SALLIES, ROMPS, PORTRAITS, AND SEND-OFFS

Selected Prose, 2000-2016

by August Kleinzahler

Pub Date: May 9th, 2017
ISBN: 978-0-374-28209-7
Publisher: Farrar, Straus and Giroux

A noted poet opines on other writers.

In this collection, award-winning poet Kleinzahler (The Hotel Oneira, 2013, etc.) gathers reviews, essays, and remembrances. He doesn’t suffer fools gladly, and a few of these biting and sharp sallies take their subjects and reputations to task. He admires Robert Lowell’s “enormous gift,” but his prestige is “much diminished” and his influence “has been baneful.” E.e. cummings is the “sort of poet one loves at the age of seventeen and finds unbearably mawkish and vacuous as an adult.” Richard Brautigan had a “lightness of touch [and] gorgeous timing," but “he wasn’t really very good….[I]t is pretty thin stuff: precious, self-indulgent fluff.” Kleinzahler can zero in on a work or writer like an eagle diving after its prey and snatch. The “clotted syntax” of John Berryman’s “much admired and little read” Homage to Mistress Bradstreet won’t let the piece breathe: “One feels the strain in its assemblage.” Kleinzahler likes to rescue lesser-known writers from obscurity. Lucia Berlin’s stories are of “a very high order and not always easy to take,” and the author also resuscitates poets Christopher Middleton, Roy Fisher, and Lorine Niedecke, “one of the most important and original poets of this past century.

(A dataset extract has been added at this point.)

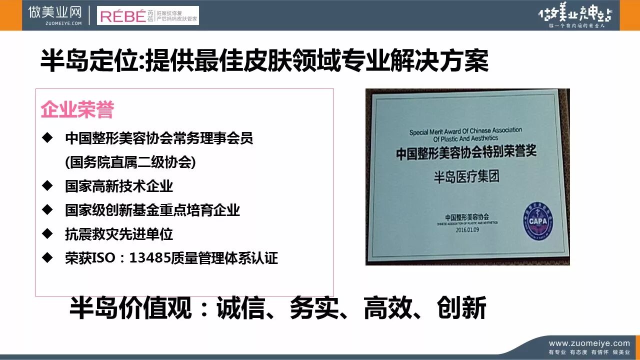 同时我们也获得2017年深圳宝安第四届创新大赛生物与生命健康一等奖。同时我们半岛医疗集团在国内医疗整形行业最大的研发团队,将近一百人。那2018年我们公司也会有很多一些迭代的产品和创新产品将面世,后面也会在做美业平台一一为大家介绍。

Kleinzahler much admires the poet Louis Zukofsky, a fine translator and author of the puzzling book-long poem “A,” which is “an unholy mess, an extraordinarily complex, often brilliant and heroic mess, but a mess.” There are affectionate portraits of two poets who influenced the author greatly: Thom Gunn, “one of the most important poets in the English language,” and the “shockingly neglected” Basil Bunting. Others discussed include Allen Ginsberg, James Schuyler, Leonard Michaels, and James Merrill. Kleinzahler also tosses in some personal pieces about music (and having too many CDs) and two hometowns, San Francisco and Fort Lee, New Jersey.

Tasty literary assessments served with a dollop of gossip.